Assisted ventilation is crucial to support very preterm babies, however the treatment often leads to chronic lung disease. While the survival of preterm babies has increased over the past 30 years, rates of chronic lung disease have remained static.
Now a team of researchers has found the type of injury caused by ventilation depends on the gestational age of the lungs. The findings, published today in the journal Scientific Reports, suggest individualised respiratory support could reduce risks to infants.
In the animal study, researchers led by Dr Prue Pereira-Fantini and A/Prof David Tingay of Murdoch Children’s Research Institute in collaboration with researchers from the University of Melbourne and Royal Women’s Hospital mapped protein changes in blood plasma following ventilation of lambs born at term, preterm (less than 32 weeks) and very preterm (less than 26 weeks).
Dr Pereira-Fantini said that understanding what happened at a molecular level when lung injury begins is essential to developing ways to protect the lungs of preterm babies.
“This work is the first step in developing a broader understanding of how preterm lung injury develops and is necessary to the development of support strategies to reduce damage to the lungs of this very vulnerable population,” she said.
One in eight Australian children is born preterm. Of those born at less than 32 weeks gestation, 93 per cent will require some form of respiratory support, leaving them at risk of permanent lung injury, asthma and reduced lung function. Previous animal studies have shown that a single dose of ventilation is enough to cause lung injury.

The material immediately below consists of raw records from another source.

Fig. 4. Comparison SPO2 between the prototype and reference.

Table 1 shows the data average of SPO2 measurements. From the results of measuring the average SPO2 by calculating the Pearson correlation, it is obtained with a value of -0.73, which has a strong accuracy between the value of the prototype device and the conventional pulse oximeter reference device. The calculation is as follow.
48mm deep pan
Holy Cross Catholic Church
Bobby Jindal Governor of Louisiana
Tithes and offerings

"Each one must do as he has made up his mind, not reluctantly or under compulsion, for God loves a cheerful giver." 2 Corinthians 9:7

Dr Pereira-Fantini said the different effects of ventilation depending on the gestational age had not been comprehensively explored and this was the first study to use proteomics to examine the link.
By examining blood samples taken within the first 60 minutes of life, the researchers found significant changes in coagulant and complement protein expression in the preterm models. Dr Pereira-Fantini said the changes indicated potential for worsening lung injury and inhibiting the effectiveness of treatments options such as surfactant administration.
“This study demonstrates the need to develop respiratory support that is tailored to both the gestational age of the infant and their underlying disease,” Dr Pereira-Fantini said.
“If this work can be validated more broadly, it potentially offers a simple blood test to guide clinicians in providing preterm infants with the best and safest clinical care when their fragile lungs are most at risk.”
In the study's next phase, researchers will examine the changes in the lungs of preterm human infants.
Led by MCRI and supported by the NHMRC (Grant IDs 1009287 and 1053889), the study brought together researchers from University of Melbourne, University College Dublin, Politecnico di Milano University, University of Tasmania, Royal Women's Hospital and Royal Children's Hospital.